Not wanting to burst your southern hemisphere bubble, cazna (yeah, right ), but I've been doing that already, with my 5.5 (and Columbia extendable handle), to give me different width sizes for coating screws, instead of using nail spotters.


----------



## cazna (Mar 28, 2010)

JustMe said:


> Not wanting to burst your southern hemisphere bubble, cazna (yeah, right ), but I've been doing that already, with my 5.5 (and Columbia extendable handle), to give me different width sizes for coating screws, instead of using nail spotters.

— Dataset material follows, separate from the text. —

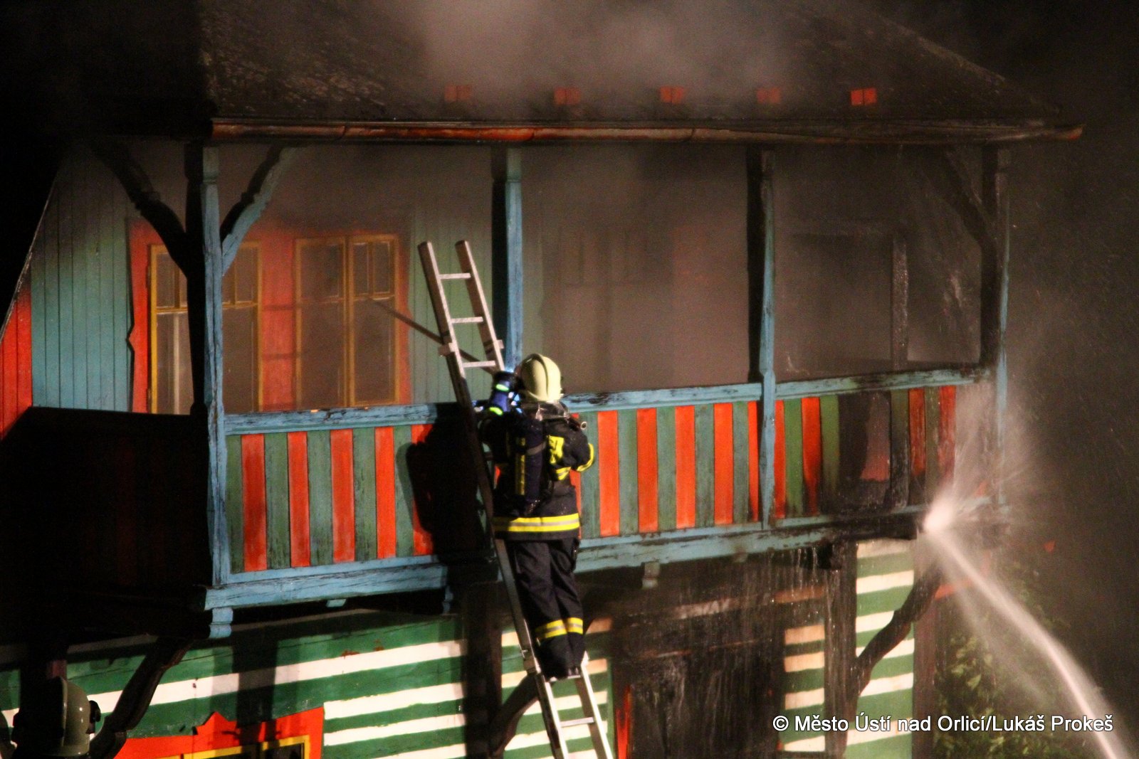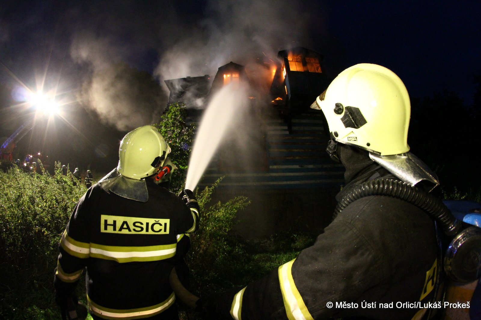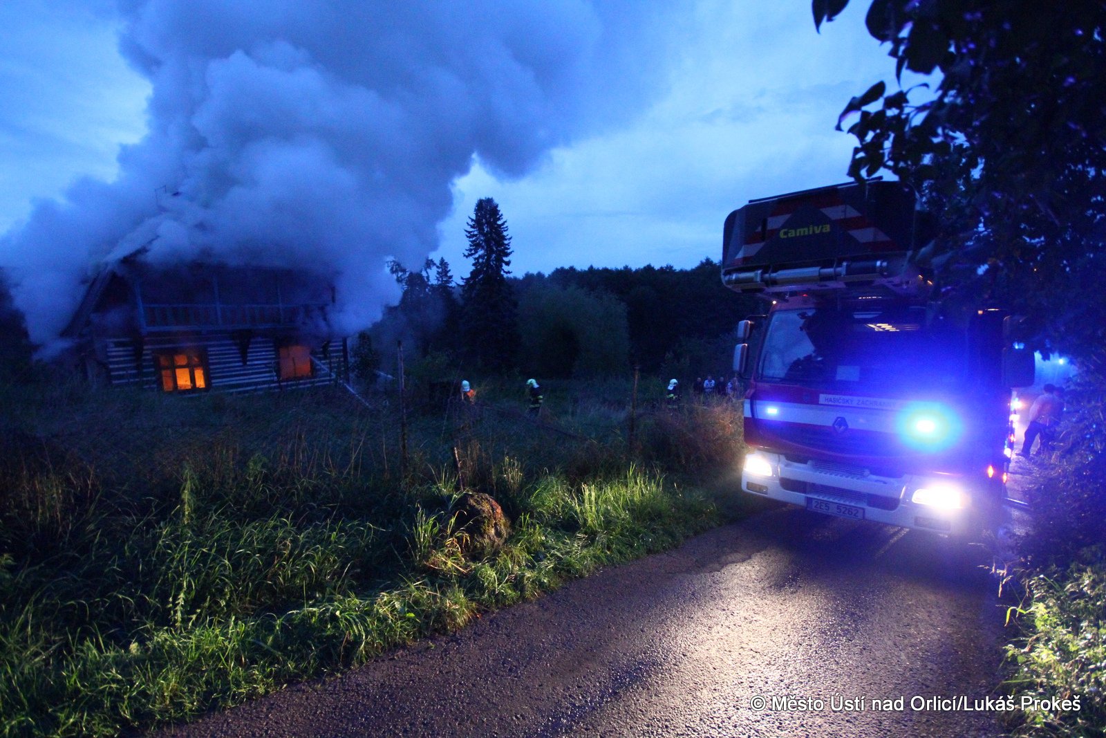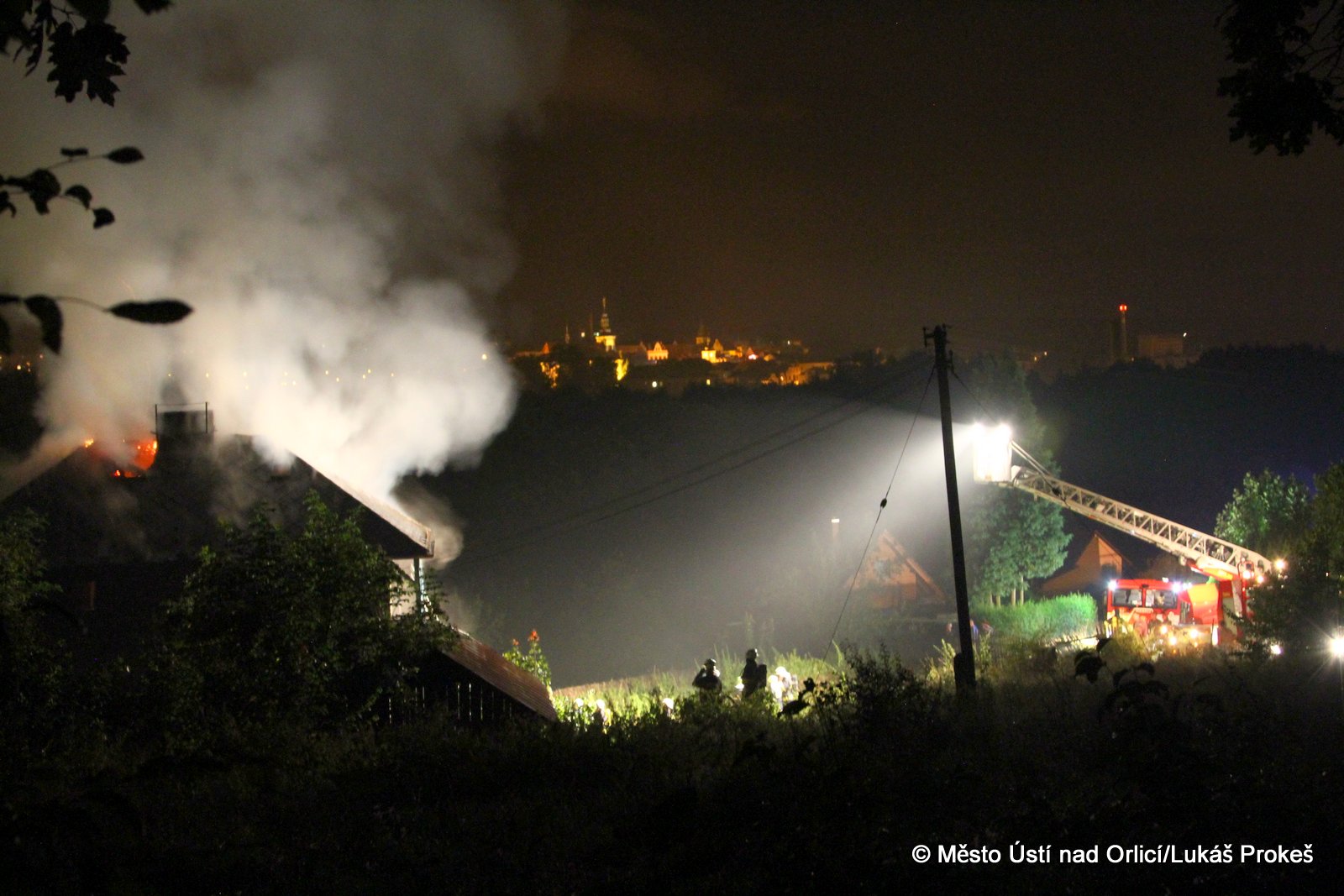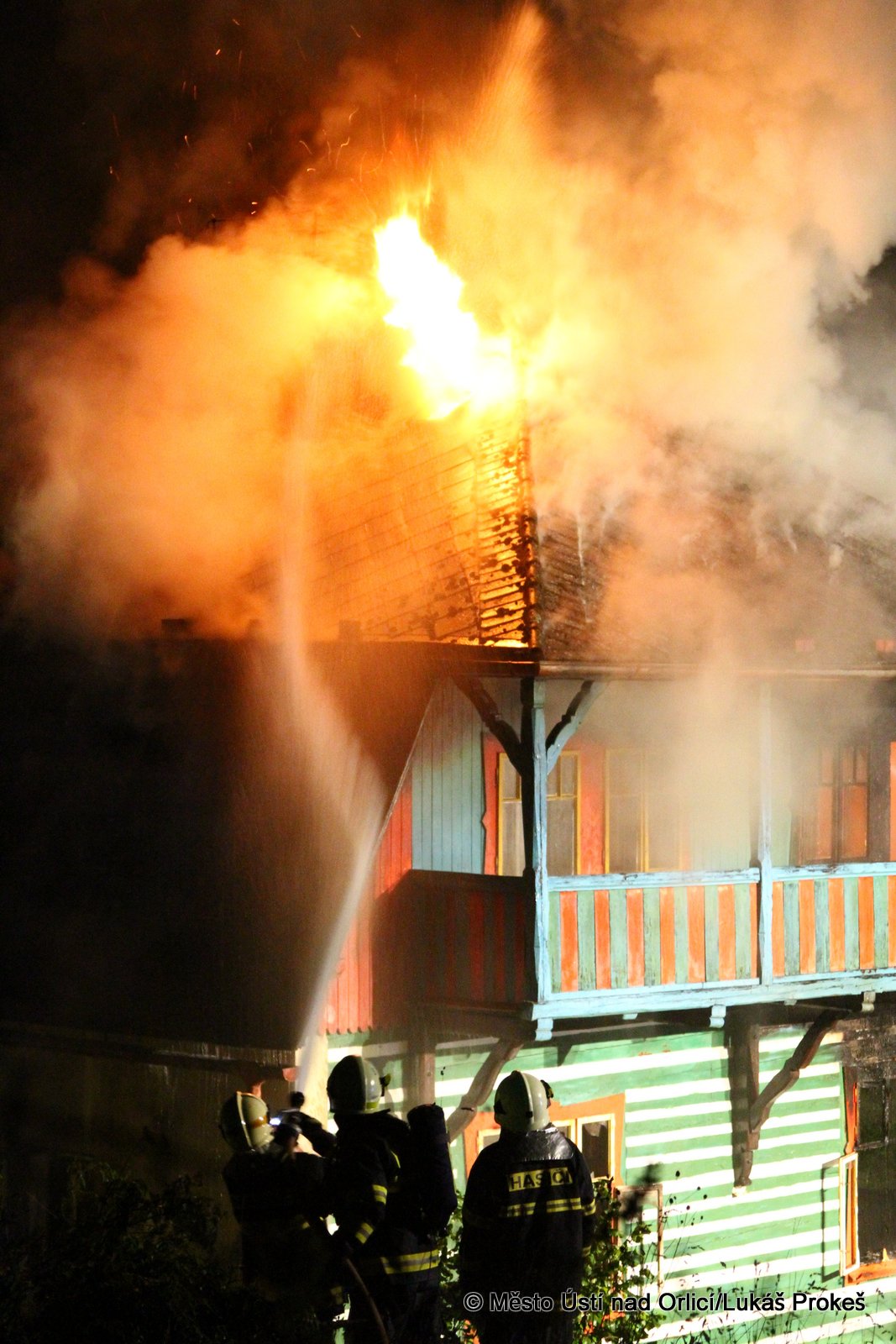 Dnes krátce po 20 hodině byl na operační středisko HZS ohlášen požár domu č.p. 879 v zahrádkářské kolonii na "Americe" v Ústí nad Orlicí. Na místo ihned vyjeli hasiči HZS Ústí nad Orlicí, drážní hasiči z České Třebové a jednotky SDH Ústí nad Orlicí I, Černovír a Hylváty. V plamenech se ocitl opuštěný dřevený dům vévodící zahrádkářské kolonii. Rozsáhlý požár hasiče zaměstnal a bylo třeba zahájit dopravu vody na místo požáru. Ještě po 22 hodině neměli hasiči požár zcela pod kontrolou a stále probíhá jeho hašení. Podle prvních informací se může jednat o požár založený úmyslně nebo z nedbalosti.

The 5.5 is sweet for screws and tapepros plate could be used the same, A nailspotter, I do one hotmud hand, Then tapepro 3 nailspotter 2nd coat and DMs 5.5 to finish the screws, Then only a light sand and all is well, Great minds think alike justme, ( Or bizarre twisted minds that no one else understands :jester


----------



## JustMe (Apr 17, 2009)

cazna said:


> The 5.5 is sweet for screws and tapepros plate could be used the same, A nailspotter, I do one hotmud hand, Then tapepro 3 nailspotter 2nd coat and DMs 5.5 to finish the screws, Then only a light sand and all is well, Great minds think alike justme, ( Or bizarre twisted minds that no one else understands :jester


I do one by hand with AP, then if using the 5.5, right now the spacer plates I have for it allow for 2" and 3" wide.


----------



## cazna (Mar 28, 2010)

JustMe said:


> I do one by hand with AP, then if using the 5.5, right now the spacer plates I have for it allow for 2" and 3" wide.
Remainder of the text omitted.